Despite the fact that performing a short-term high or low number of daily steps does not seem to modulate prostate or prostate tumor protein synthesis rates, our findings provide novel insights into prostate and prostate tumor metabolism. As far as we know, there are no data available on prostate and/or prostate tumor protein synthesis rates in vivo. Although the higher protein synthesis rates in prostate tumor versus healthy prostate tissue could suggest that there is net tumor tissue accretion, this is not per se the case.
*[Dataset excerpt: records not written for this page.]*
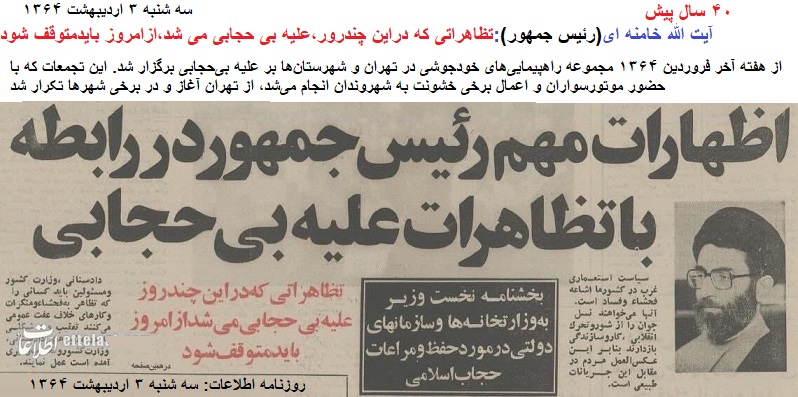 ۴۰ سال پیش:آیت الله خامنه ای(رئیس جمهور):تظاهراتی که دراین چندرور،علیه بی حجابی می شد،ازامروز بایدمتوقف شود./۳ اردیبهشت ۱۳۶۴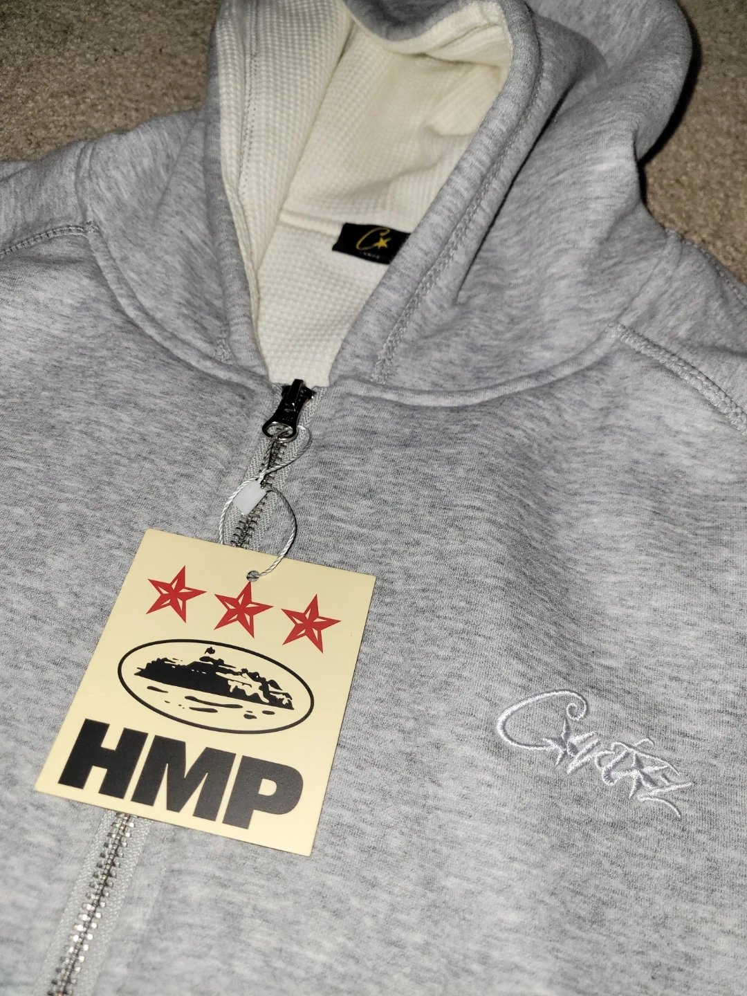 Brand new, this Corteiz HMP set is super comfy. Has a grey full zip hoodie with a white waffle-knit hood lining. Matching grey sweatpants. Both pieces have the Corteiz embroidery. Hoodie still has its HMP tag on.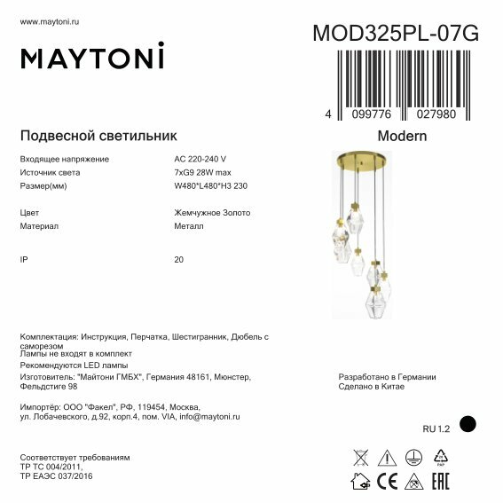 Подвесной светильник Maytoni COCTAIL TIME MOD325PL-07G

Tissue protein accretion is determined by the dynamic balance between tissue protein synthesis and breakdown rates. Interestingly, findings from other studies show that tumor protein synthesis rates are not consistently higher than protein synthesis rates of the organ tissue in which the tumor is embedded. For example, we have previously reported lower protein synthesis rates in pancreatic tumor tissue when compared with healthy pancreatic tissue (22). Studies in gastrointestinal and colorectal cancers, however, show higher FSRs in the cancerous tissue compared with the corresponding healthy tissue (47,48). As far as we know, this is the first study to assess prostate and prostate tumor protein synthesis rates in vivo in humans.
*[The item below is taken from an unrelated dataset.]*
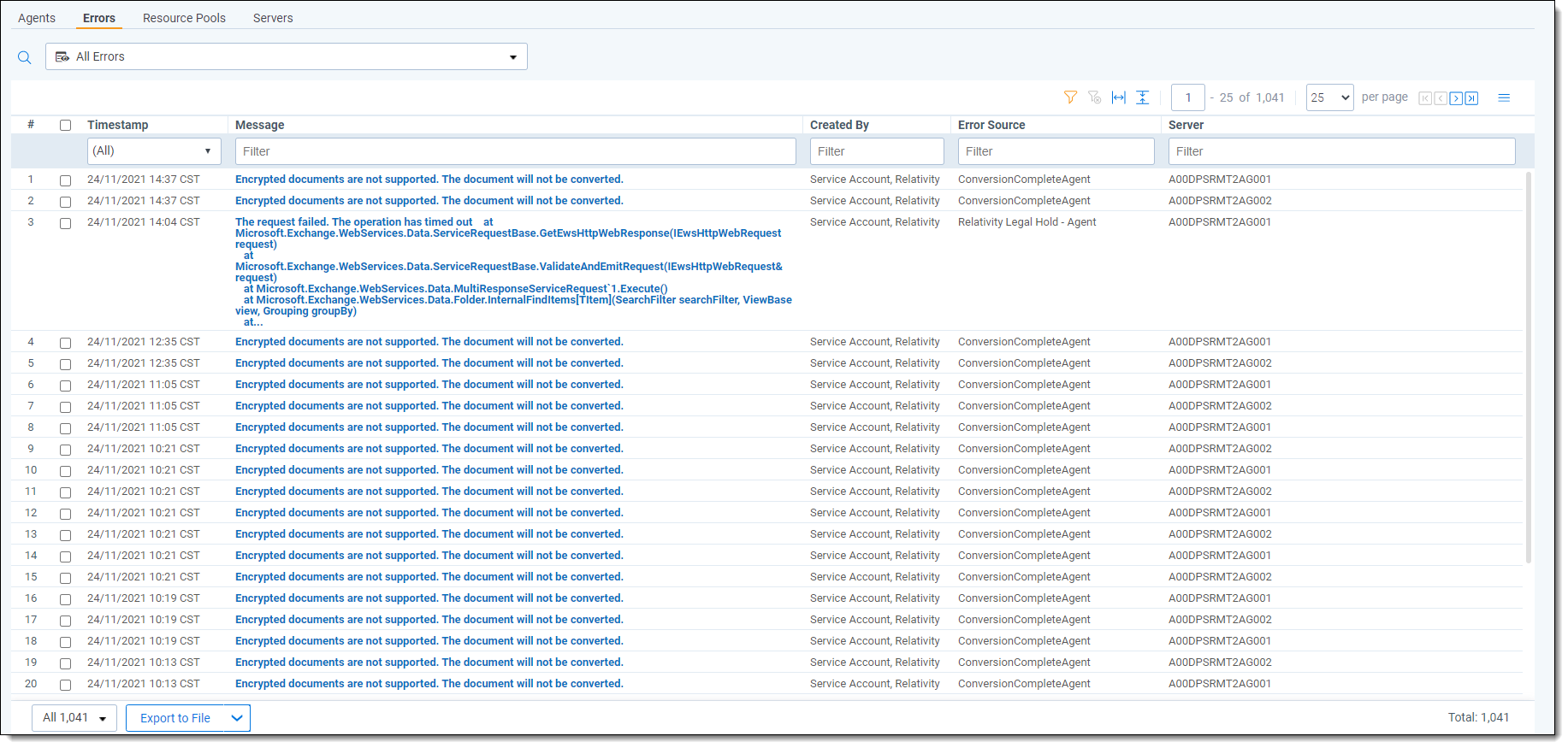 The Errors admin tab shows all the errors that have occurred in the Relativity environment. Due to the number of servers and features involved in your environment, it's possible for there to be thousands of items listed in this tab.

The apparent differences in tissue protein synthesis rates between healthy prostate and prostate tumor may provide us with indications for preferred intervention strategies to reduce tumor tissue accretion, for example, to focus on the molecular pathways of tumor tissue synthesis or breakdown. For example, the higher protein synthesis rates in prostate tumor than in healthy prostate tissue could indicate that interventions (like physical activity, nutritional or pharmacological interventions) should focus on inhibiting tumor protein synthesis. This directly highlights the potential of the applied ²H₂O methodology, which enables us to assess protein synthesis rates in cancerous and noncancerous tissue, as well as the effect of several interventions on tumor protein synthesis rates in patients under free-living conditions.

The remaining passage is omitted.